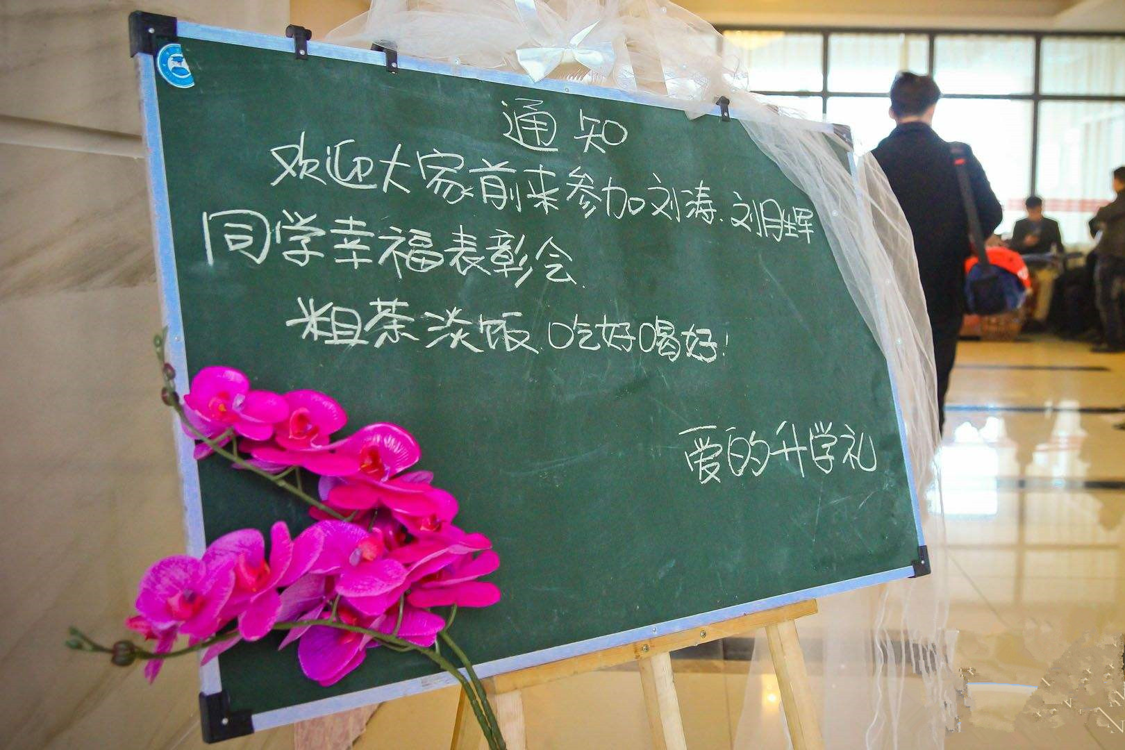 签到台可以是学生课桌组成,不需要太多的现代婚礼装饰品,反而可以放上书本、文具盒等学生时代的物品。签到簿可以是同学录或是一本学生时代的笔记本,宾客们在此签到并送上自己的祝福。
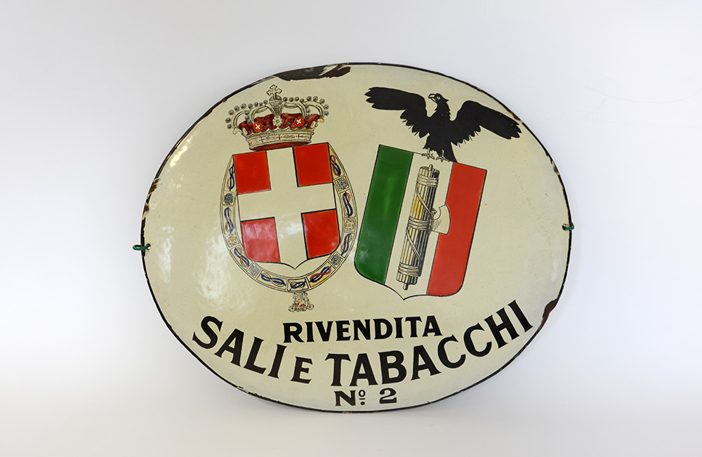 Lotto 1041 | Placca smaltata di forma ovale della rivendita Sali e Tabacchi, numero 2 (cm...
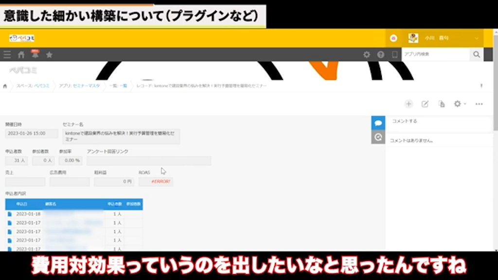 kintoneは、セミナーの実施効果を多角的に把握するための管理システム構築に活用できます。このシステムは、セミナー開催の履歴を管理し、広告費用の費用対効果を定量的に把握する目的で利用されます。
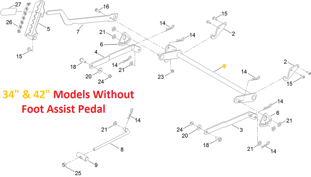 161-4527 - FOOT PEDAL ASSIST KIT FOR TIMECUTTER - 34" & 42" Timecutter Models (161-4527 is for 34" & 42" Models Listed below in the Model Fit Chart - 161-4527 Contains the Individual Part Listed Above - For Individual Replacement Part Refer to the Foot Pedal Associated Parts Reference Above)
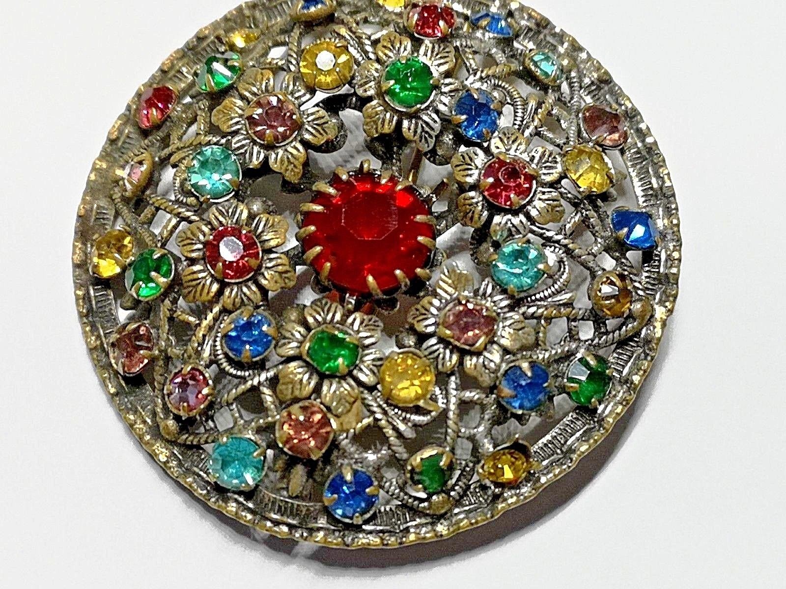 Title (ebay affiliate link): Antique Jewellery Czech Bohemian brass filigree & multi glass stones brooch
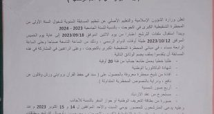 أعلنت وزارة الشؤون الإسلامية والتعليم الأصلي عن تنظيم المسابقة السنوية لدخول السنة الأولى من المعهد العالي للدراسات والبحوث الإسلامية، ومسابقة دخول السنة الأولى من المحظرة الشنقيطية الكبرى في أكجوجت بالنسبة للعام الجامعي 2023، 2024. وأوضحت الوزارة في بلاغ صادر عنها، أن استقبال ملفات الترشح اعتبارا من يوم الإثنين الموافق 04 …

##########

Transcribe only these lines, exactly: the first line of the listing, every line after it, and the line with "Lotto 1041 |", where the copy ends. Include no picture.

 签到台可以是学生课桌组成,不需要太多的现代婚礼装饰品,反而可以放上书本、文具盒等学生时代的物品。签到簿可以是同学录或是一本学生时代的笔记本,宾客们在此签到并送上自己的祝福。
 Lotto 1041 | Placca smaltata di forma ovale della rivendita Sali e Tabacchi, numero 2 (cm...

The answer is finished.